## [The problem]
Would you repeat word for word the lines of the listing that follows, from the one with "Still has the" up to and including the one with "Farfalle Pasta Shape", and leave out the images?

## [Data supplied]

----------------------------------------

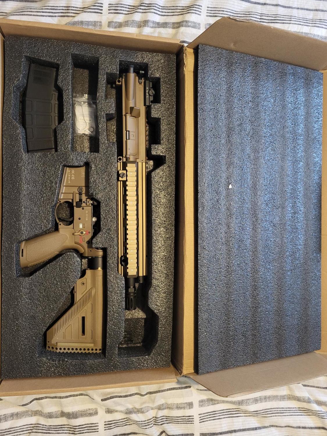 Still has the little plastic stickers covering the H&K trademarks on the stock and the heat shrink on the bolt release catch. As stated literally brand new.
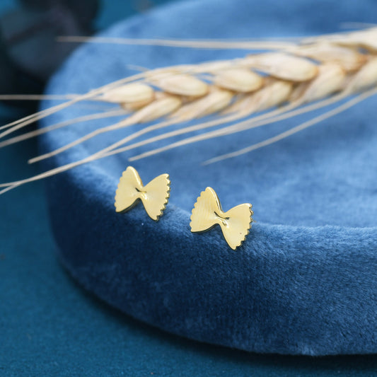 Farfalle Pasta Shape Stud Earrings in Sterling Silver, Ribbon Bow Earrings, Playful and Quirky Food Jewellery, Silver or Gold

----------------------------------------

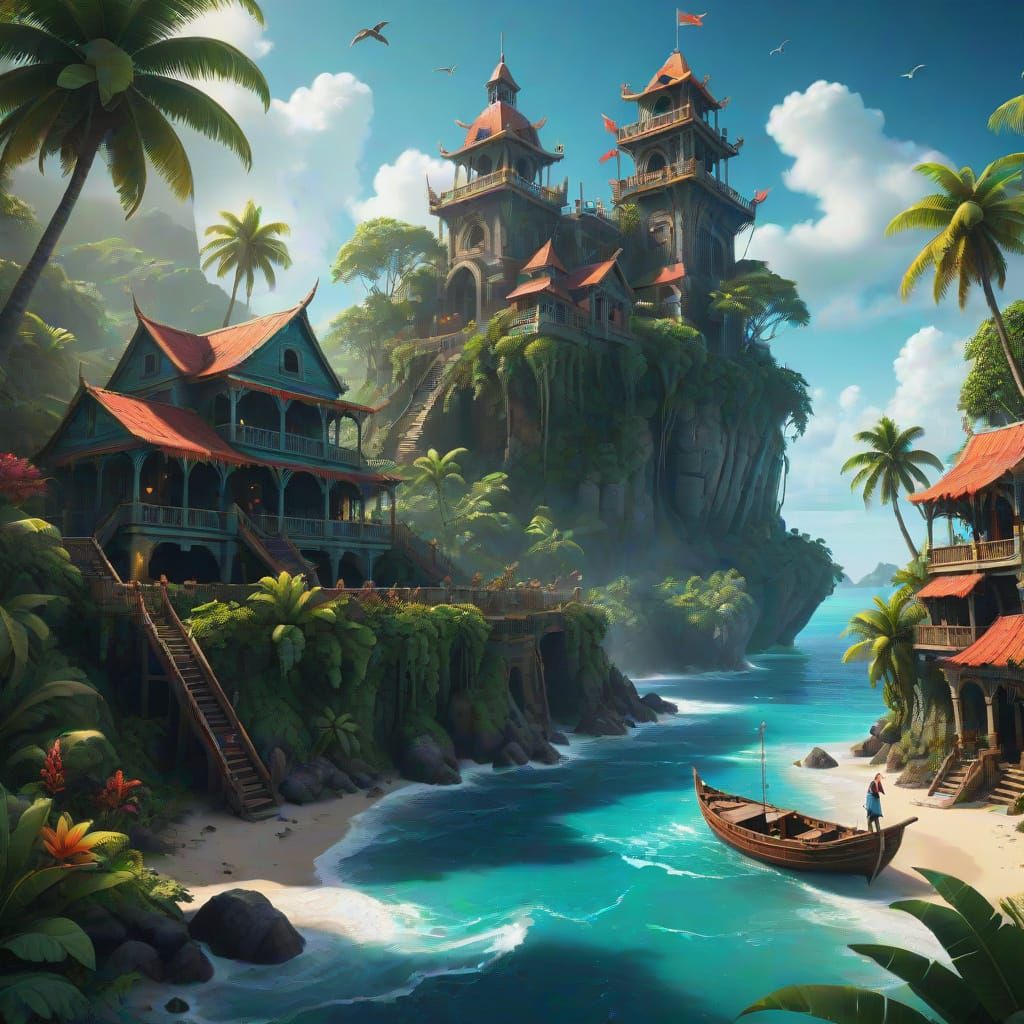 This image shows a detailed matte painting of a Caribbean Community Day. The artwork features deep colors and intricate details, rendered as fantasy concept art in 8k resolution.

----------------------------------------

## [The answer]
 Still has the little plastic stickers covering the H&K trademarks on the stock and the heat shrink on the bolt release catch. As stated literally brand new.
 Farfalle Pasta Shape Stud Earrings in Sterling Silver, Ribbon Bow Earrings, Playful and Quirky Food Jewellery, Silver or Gold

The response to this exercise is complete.